Jobs failed, of course.
Dropbox just raised another round of investment funding which values the company at a staggering $8 billion. And it has $200 million in revenues.
Meanwhile, the product that Jobs developed in order to punish Dropbox for not agreeing to be acquired by Apple - iCloud - is a confusing also-ran in the cloud storage wars.
Dropbox CEO Drew Houston retold the story of his meeting with Jobs to Salesforce CEO Marc Benioff yesterday, at the latter company's big conference:
"I kind of couldn't believe it when the meeting was getting set up," Houston recalls from the Jobs encounter. Typing the address for 1 Infinite Loop, the Apple headquarters, on his iPhone for directions, he realized the address was already pre-stored on the device.
Jobs struck Houston as a straight talker. He told him he returned to Apple because he was frustrated that a company that convinced customers to pay a total of $7 billion a year to use their products could still lose $1 billion. But he was also direct with Houston, telling him that if he couldn't acquire his startup, was going to come after Dropbox. Six months after that meeting, Houston was watching a Jobs keynote and saw him make good on that promise.

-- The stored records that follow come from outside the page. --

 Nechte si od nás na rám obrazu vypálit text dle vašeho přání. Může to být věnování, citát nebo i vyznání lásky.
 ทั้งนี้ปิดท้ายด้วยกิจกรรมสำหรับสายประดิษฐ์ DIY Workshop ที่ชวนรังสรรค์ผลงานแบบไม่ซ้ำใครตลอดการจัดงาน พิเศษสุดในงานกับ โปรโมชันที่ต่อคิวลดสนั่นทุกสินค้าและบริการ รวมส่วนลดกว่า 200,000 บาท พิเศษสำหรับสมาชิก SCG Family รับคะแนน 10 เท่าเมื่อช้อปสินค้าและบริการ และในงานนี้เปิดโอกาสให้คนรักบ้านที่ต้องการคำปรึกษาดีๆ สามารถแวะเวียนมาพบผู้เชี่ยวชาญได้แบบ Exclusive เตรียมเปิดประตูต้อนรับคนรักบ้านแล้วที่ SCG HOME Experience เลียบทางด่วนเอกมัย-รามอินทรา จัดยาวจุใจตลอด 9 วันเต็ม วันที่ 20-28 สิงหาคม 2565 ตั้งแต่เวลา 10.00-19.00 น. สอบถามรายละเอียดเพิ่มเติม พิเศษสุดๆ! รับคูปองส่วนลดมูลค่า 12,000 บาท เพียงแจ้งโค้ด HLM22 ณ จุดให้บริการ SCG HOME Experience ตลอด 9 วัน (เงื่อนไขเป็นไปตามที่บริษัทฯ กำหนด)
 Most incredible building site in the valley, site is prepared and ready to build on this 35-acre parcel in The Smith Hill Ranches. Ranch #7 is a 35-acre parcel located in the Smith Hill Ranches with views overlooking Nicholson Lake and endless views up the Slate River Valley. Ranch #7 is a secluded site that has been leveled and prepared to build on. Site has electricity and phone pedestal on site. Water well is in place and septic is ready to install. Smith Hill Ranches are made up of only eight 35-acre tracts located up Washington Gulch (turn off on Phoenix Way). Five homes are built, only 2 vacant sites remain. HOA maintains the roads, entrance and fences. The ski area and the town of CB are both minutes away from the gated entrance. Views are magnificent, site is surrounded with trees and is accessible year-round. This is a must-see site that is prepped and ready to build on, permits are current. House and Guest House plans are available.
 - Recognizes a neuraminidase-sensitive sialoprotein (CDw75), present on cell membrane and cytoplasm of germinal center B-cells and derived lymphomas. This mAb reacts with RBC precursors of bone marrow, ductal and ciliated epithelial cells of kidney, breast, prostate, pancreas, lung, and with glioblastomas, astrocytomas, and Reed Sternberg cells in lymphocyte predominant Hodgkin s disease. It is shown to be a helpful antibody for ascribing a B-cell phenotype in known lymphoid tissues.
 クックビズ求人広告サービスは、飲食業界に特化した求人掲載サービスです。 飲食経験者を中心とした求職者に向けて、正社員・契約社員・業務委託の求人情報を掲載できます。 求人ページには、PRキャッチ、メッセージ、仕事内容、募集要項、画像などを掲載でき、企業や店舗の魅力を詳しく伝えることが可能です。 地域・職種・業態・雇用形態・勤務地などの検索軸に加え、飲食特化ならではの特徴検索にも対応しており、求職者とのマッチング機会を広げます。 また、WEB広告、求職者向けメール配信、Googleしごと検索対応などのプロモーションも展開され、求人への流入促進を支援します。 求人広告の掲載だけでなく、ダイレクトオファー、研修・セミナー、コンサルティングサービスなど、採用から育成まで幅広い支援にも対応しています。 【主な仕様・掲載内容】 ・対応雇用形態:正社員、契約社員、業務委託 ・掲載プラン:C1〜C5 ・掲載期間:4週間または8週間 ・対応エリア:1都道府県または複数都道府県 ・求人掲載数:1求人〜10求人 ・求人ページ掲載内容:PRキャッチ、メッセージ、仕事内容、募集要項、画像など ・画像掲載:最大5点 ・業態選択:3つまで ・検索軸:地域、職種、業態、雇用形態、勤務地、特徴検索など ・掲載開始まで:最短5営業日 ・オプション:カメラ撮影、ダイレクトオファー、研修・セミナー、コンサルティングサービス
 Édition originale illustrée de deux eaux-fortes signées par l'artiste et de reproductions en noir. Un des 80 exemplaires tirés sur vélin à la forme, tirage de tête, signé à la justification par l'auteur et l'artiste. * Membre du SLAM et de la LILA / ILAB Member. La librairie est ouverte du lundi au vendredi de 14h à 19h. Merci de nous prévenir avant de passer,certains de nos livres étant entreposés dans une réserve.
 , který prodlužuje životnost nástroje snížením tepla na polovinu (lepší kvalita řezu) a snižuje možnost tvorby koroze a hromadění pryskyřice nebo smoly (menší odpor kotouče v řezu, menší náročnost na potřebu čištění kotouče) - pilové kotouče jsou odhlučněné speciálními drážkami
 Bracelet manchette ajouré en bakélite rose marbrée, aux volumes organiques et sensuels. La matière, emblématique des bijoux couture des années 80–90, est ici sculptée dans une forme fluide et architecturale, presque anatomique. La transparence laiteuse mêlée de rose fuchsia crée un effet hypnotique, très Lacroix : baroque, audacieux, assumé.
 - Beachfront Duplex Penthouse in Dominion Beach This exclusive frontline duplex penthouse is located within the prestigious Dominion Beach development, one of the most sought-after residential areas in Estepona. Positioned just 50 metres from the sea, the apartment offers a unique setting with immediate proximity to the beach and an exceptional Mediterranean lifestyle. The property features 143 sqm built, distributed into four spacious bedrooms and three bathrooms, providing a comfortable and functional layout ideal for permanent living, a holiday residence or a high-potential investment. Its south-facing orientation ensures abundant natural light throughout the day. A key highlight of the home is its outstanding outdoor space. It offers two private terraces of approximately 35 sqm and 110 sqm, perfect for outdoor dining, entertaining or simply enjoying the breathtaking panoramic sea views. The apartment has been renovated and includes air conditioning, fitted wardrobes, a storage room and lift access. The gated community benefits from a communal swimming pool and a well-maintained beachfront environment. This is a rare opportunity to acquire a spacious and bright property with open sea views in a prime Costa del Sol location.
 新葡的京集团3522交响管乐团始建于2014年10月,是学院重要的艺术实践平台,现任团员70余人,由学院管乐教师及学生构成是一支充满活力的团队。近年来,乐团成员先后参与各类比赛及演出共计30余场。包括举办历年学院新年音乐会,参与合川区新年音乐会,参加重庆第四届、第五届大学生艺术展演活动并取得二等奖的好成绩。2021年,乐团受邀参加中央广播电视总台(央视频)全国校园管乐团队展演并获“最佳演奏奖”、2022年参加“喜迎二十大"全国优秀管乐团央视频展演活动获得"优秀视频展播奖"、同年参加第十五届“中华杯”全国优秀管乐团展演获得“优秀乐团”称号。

"He was calling out by name and saying he wants to kill us with iCloud," Houston said.
Johannes Simon/Getty Images
iCloud, by contrast, doubtless has millions of Apple users - but only because Apple's operating system goes to lengths to prompt users into using it. As a product, it's confusing. You have to dig it out of the system preferences to manage it. Typical iCloud users often ask, How do I use this thing? Are my files backed up on it or not? And why isn't there a simple folder letting me see them?
Business Insider previously noted some other details from this meeting, as recounted by Houston:
"He comes in, his assistant hands him a cup of tea, he cups it in both hands, sits down, rocks back and forth. And says 'where do we begin?'"
"We didn't get into specifics, but he floated the idea [of Dropbox joining Apple]."
"It was an interesting conversation because he said he liked our products. I can't think of much higher praise than that."
Steve Jobs made the pitch himself, telling Dropbox it was just a feature, not a product. Dropbox founder Drew Houston says he told Jobs he didn't want to sell. He wanted to build a big company.
We originally reported that the Jobs-Houston approach was made back in 2011.